Tuesday, June 21, 2016

The truth about pornography

You've heard them. Porn degrades woman, creates unrealistic expectations, degrades one's self image, destroys relationships, promotes violence etc. Some excerpts follow from this article debunking these myths. Warning: facts are involved. If you're basing your views on porn from prudish or religious ideology this is not for you.

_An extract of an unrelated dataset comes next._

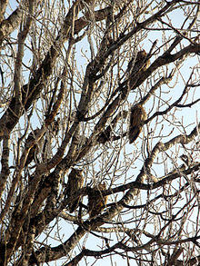 During daytime, long-eared owls tends to roost in an upright position on a branch, not infrequently close to the trunk, oftentimes within dense foliage. In winter often stays close to the same tree or grove of trees (i.e. in parks, large gardens, or cemeteries). Usual when approached, the owl will freezes with its body stiffly upright, eyes closed to narrow slits and ear tufts erect. This is called the “tall-thin position” and is common to at least a couple dozen species of typical owl. If approached closed, the owls will alternately open and close their eyes (apparently having stirred but trying to fool potential predators into thinking the owl is still at rest), finally lowering ear tufts, fluffing body plumage and flying to another roost.[7][20] Unlike most owls, which show a tendency towards territorial behavior on a fixed range year-around when possible, long-eared owls in the non-breeding season are often prone to occur in aggregations of owls while roosting. Such grouping may not uncommonly include up to 6 to 50 owls at times, with a European record of about 150 owls at a single roost.[3][19][20][81] Even other migratory owls in the temperate zone do not tolerate each other as closely as do long-eared owls, with short-eared owls seemingly only forming aggregations when food supplies are exceptionally high, while social roosting in long-eared owls seems to occur regardless of local prey numbers.[20][101] Long-eared owls tend to roost in the depths of the "darkest stands of trees" in order to conceal their presence, though they prefer being close to forested edge to allow access to hunting over more open ground.[19] A study in the New Jersey Meadowlands area showed that roosting owls had a strong fidelity for certain trees, particularly conifers such as cedars where the main truck is large obscured from view and a grouping of at least 2-3 closely clumped trees occurs. Roost height in the New Jersey study was at 3 to 15 m (9.8 to 49.2 ft) or occasionally higher. In New Jersey, different roosts were preferred each year and in the local heavily modified environment, the owls become partially habituated to human activities. However, approach at closer than 3 to 4 m (9.8 to 13.1 ft) away usually caused them to flush. Departure of owls for nighttime hunting would generally occur between 40 and 49 minutes after sundown.[16] Studies in the Moscow region of wintering roosts were done over 10 years, with 12 communal and 14 solitary roosts found. The communal roosts included up to 16 individuals per winter, with a mean of 9.9. Overall, the average in Moscow per roost site was 2.1 owl(s). Vole numbers the preceding year were likely the causes of numeric variations in years here while wind and snow avoidance were key in characteristics of roost sites.[102] Extraordinarily large roosts were the norm in a study in Stavropol, Russia, where the general roost area could host from 80 to 150 individuals each winter over 4 years, with 93.7% of the roosts located in coniferous trees.[103] In Milan, Italy, from 2 to 76 long-eared owls were observed per urban roost site. Here, nighttime observation showed that owls individually would depart the roost at peak during the darkest part of nighttime. A majority of the Milan roosting owls did not fly toward urban areas instead flying to suburban fields and forest where prey is more easily encountered.[15] The reason for roosting in aggregations seems to be at least in part to mitigate predation risks.[3][16]

"In 1969, Denmark became the first country to legalise pornography. In the years that followed, onlookers watched with interest and trepidation: what would happen to Danish society? As it turns out, nothing – or rather, nothing negative. When in 1991 Berl Kutchinsky, a criminologist at the University of Copenhagen who spent his career studying the public effects of pornography, analysed the data for more than 20 years following legalisation, he found that rates of sexual aggression had actually fallen. Pornography was proliferating, but the sexual climate seemed to be improving. The same thing happened, he found, in Sweden and West Germany, which followed Denmark’s legalisation campaign."

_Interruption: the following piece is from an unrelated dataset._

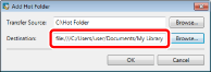 You can select a folder stored in a library in the [Browse] dialog box that is displayed when [Browse] is clicked. Alternatively, in the [Browse] dialog box, you can create a new folder in a library and select it.

"What’s more, it doesn’t seem to be the case that people become desensitised to pornography, in the sense that the more you watch it, the more extreme your viewing content needs to become. When Prause and the psychologist James Pfaus of Concordia University in Quebec recently measured sexual arousal in 280 men, they found that watching more pornography actually increased arousal to less explicit material – and increased the desire for sex with a partner. In other words, it made them more, not less responsive to ‘normal’ cues, and more, not less, desirous of real physical relationships. In a 2014 review, Prause likened pornography addiction – the notion that, like a drug, the more you watch, the more, and higher doses, you crave – to the emperor who has no clothes: everyone says it’s there, but there is no actual evidence to support it."

"Prause has also studied the question of relationship satisfaction more directly: did watching pornography negatively impact the quality of sexual intimacy? Working with the psychologist Cameron Staley of Idaho State University in 2013, she asked 44 monogamous couples to watch pornography alone and together, to see how it would affect feelings about their relationship. After each viewing session, the couples reported on their arousal, sexual satisfaction, perception of themselves, and their partner’s attractiveness and sexual behaviour. Prause and Staley found that viewing pornography increased couples’ desire to be with their significant other, whether they’d seen the film alone or together. Pornography also increased their evaluation of their own sexual behaviour."

"Likewise with sexually violent behaviours or negative attitudes toward women. In one series of experiments conducted by the sexologist Milton Diamond of the University of Hawaii, viewing pornography neither made men more violent nor more prone to having worse attitudes toward women."